= Beginning of Section =
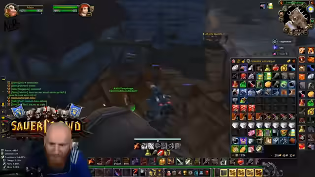 14:38:17Beim Anlauf zum Endboss von LBRS wird die finale Vorbereitung besprochen. Der Streamer wechselt sein Equipment, nutzt eine Diamantflasche und gibt den Heilern Anweisungen, den Loot einer speziellen Quest gleichzeitig abzugeben, um einen Reset zu vermeiden. Er betont, dass der Drop dieser Quest eine Quest startet, die im Verlauf sehr gute Handschuhe als Belohnung verspricht. Die Koordination der Gruppe ist hierbei entscheidend.
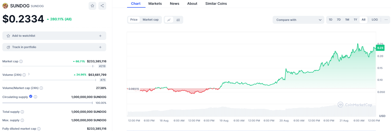 Спустя несколько дней после запуска торгов SUNDOG вплотную приблизилась к топ-200 капитализации. По состоянию на момент написания обзора, криптовалюта торгуется по $0,2334.
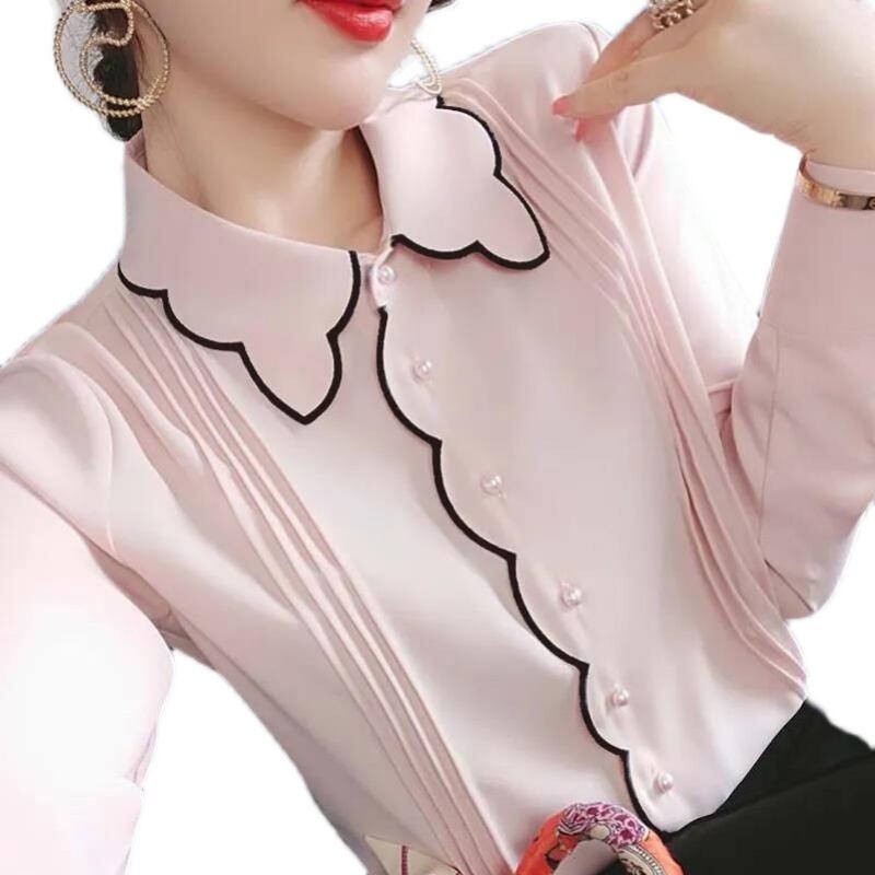 【送料無料】 レディース トップス ブラウス パイピング タック ピンタック パール キュート レトロ 上品 ノーブル シンプル 長袖 イエロー ホワイト ピンク ブルー グリーン 黄色 白 水色 青 緑 キレイめ 20代 30代 40代 通勤 通学 オフィス お出掛け 女子会 お呼ばれ 秋冬
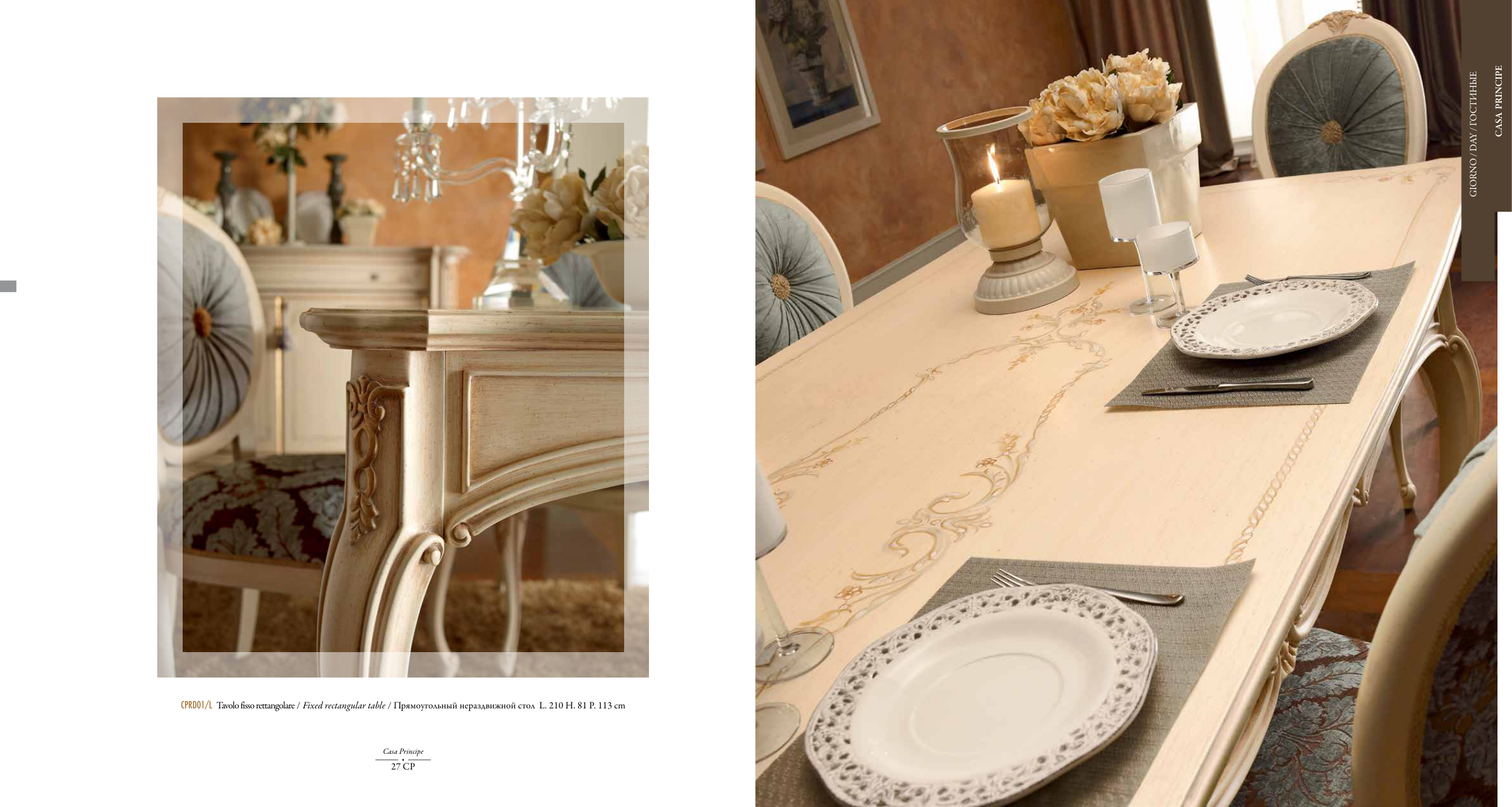 CPRD01/L Tavolo fisso rettangolare / Fixed rectangular table / Прямоугольный нераздвижной стол L. 210 H. 81 P. 113 cm
= End of Section =
» **TASK DETAILS**
Output the whole of the data, unchanged; keep the pictures out.

» **EXERCISE ANSWER**
 14:38:17Beim Anlauf zum Endboss von LBRS wird die finale Vorbereitung besprochen. Der Streamer wechselt sein Equipment, nutzt eine Diamantflasche und gibt den Heilern Anweisungen, den Loot einer speziellen Quest gleichzeitig abzugeben, um einen Reset zu vermeiden. Er betont, dass der Drop dieser Quest eine Quest startet, die im Verlauf sehr gute Handschuhe als Belohnung verspricht. Die Koordination der Gruppe ist hierbei entscheidend.
 Спустя несколько дней после запуска торгов SUNDOG вплотную приблизилась к топ-200 капитализации. По состоянию на момент написания обзора, криптовалюта торгуется по $0,2334.
 【送料無料】 レディース トップス ブラウス パイピング タック ピンタック パール キュート レトロ 上品 ノーブル シンプル 長袖 イエロー ホワイト ピンク ブルー グリーン 黄色 白 水色 青 緑 キレイめ 20代 30代 40代 通勤 通学 オフィス お出掛け 女子会 お呼ばれ 秋冬
 CPRD01/L Tavolo fisso rettangolare / Fixed rectangular table / Прямоугольный нераздвижной стол L. 210 H. 81 P. 113 cm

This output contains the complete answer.